I have a Question regarding the MapReduce example explained here:

http://forge.fiware.org/plugins/mediawiki/wiki/fiware/index.php/BigData_Analysis_-_Quick_Start_for_Programmers

It is indeed the most common example of hadoop MapReduce, the WordCount.

I am able to execute it with no problems at the global instance of Cosmos, but even when I give it an small input (a file with 2 or 3 lines) it takes a lot to execute it (half a minute more or less). I assume this is its normal behavior but my question is: ¿Why does it takes so long even for an small input?

I guess this method increases its efectiveness with bigger datasets where this minimal delay is negligible.

1

1 Answers

0
votes

First of all, you have to take into account the current instance of Cosmos at FIWARE LAB is a shared instance of Hadoop, thus many other user may be executing MapReduce jobs at the same time resulting in a "competition" for the computation resources.
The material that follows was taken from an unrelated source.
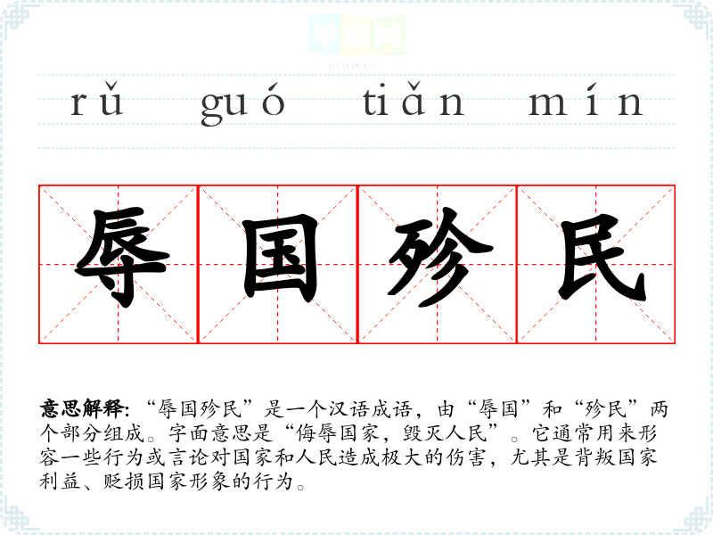 “辱国殄民”是一个汉语成语,由“辱国”和“殄民”两个部分组成。字面意思是“侮辱国家,毁灭人民”。它通常用来形容一些行为或言论对国家和人民造成极大的伤害,尤其是背叛国家利益、贬损国家形象的行为。
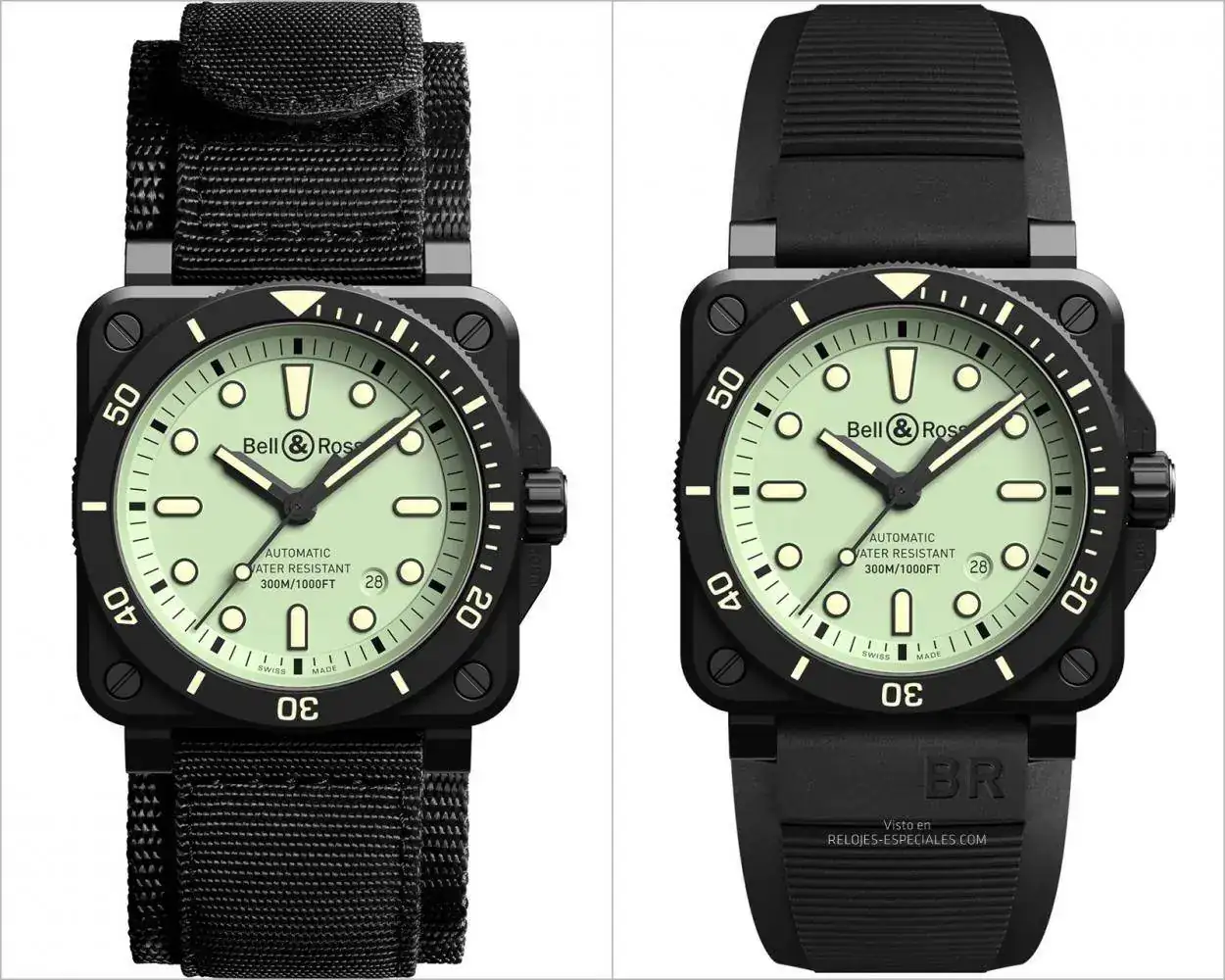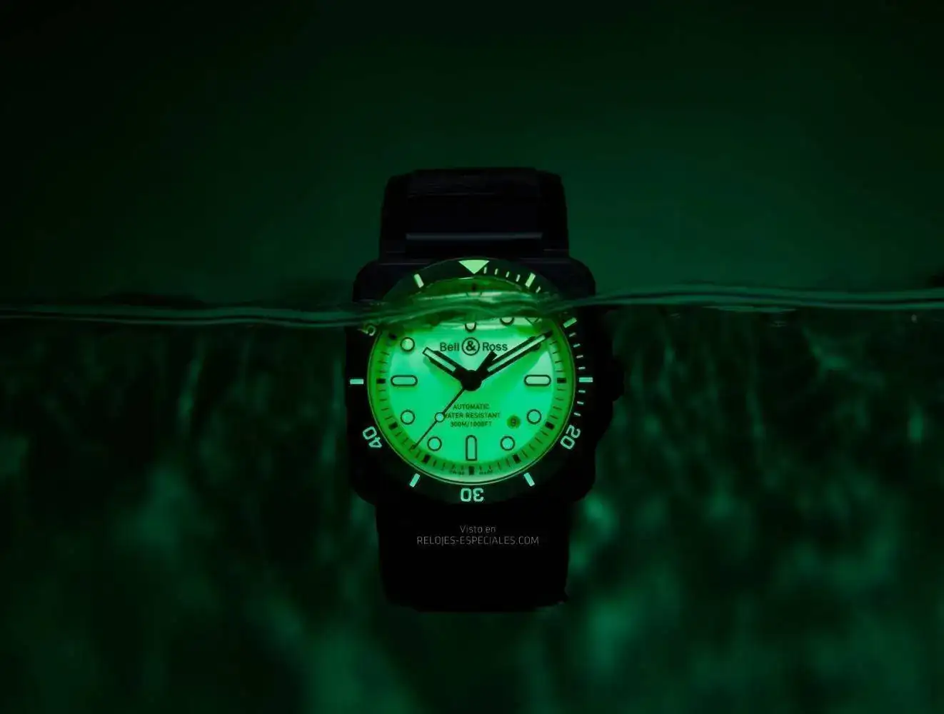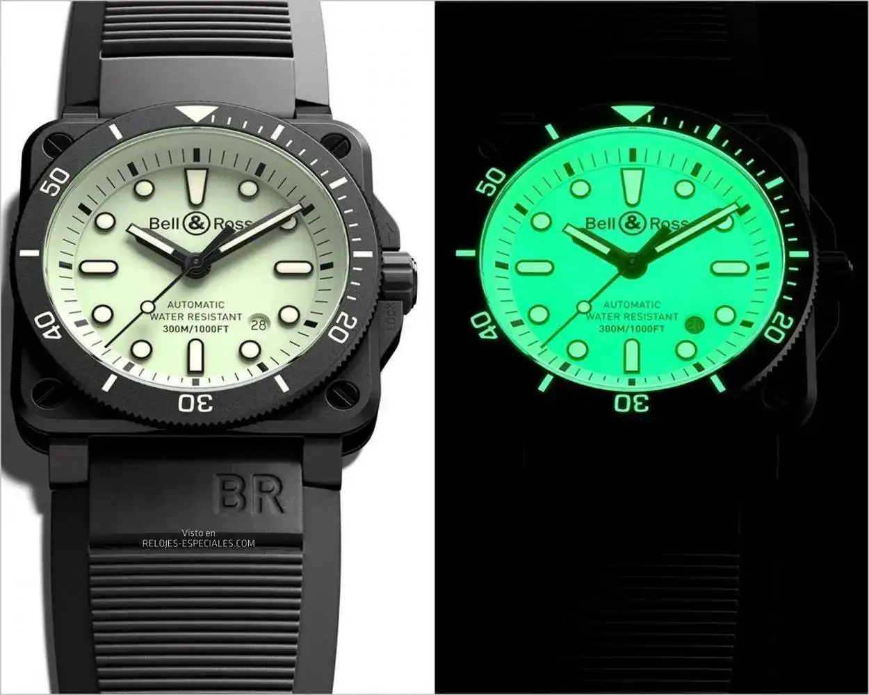 Con respecto a la legibilidad, Bell & Ross adapta el concepto Lum a su colección de buceo e invierte los principios tradicionales de legibilidad diurna y nocturna. Con el BR03-92 DIVER FULL LUM se trabaja con diferentes tonos de luminiscencia: mientras que la esfera de metal está completamente recubierta con Superluminova® C5, los índices esqueletados y los números del bisel están rellenos con Superluminova® C3 verde, lo que proporciona una durabilidad muy larga y, con un contraste verde sobre verde en la esfera, son legibles a 25 cm en la oscuridad (ISO 6425)

Being said that, MapReduce is designed for large datasets and larga data files. It adds a lot of overhead that it's not necessary when processing a couple of lines (because for a couple of lines analsis you don't need MapReduce! :)) but which help a lot when those lines are thounsands, even millions. In those cases the processing time is proportional to the data size, of course, but not in a let's say 1:1 proportion.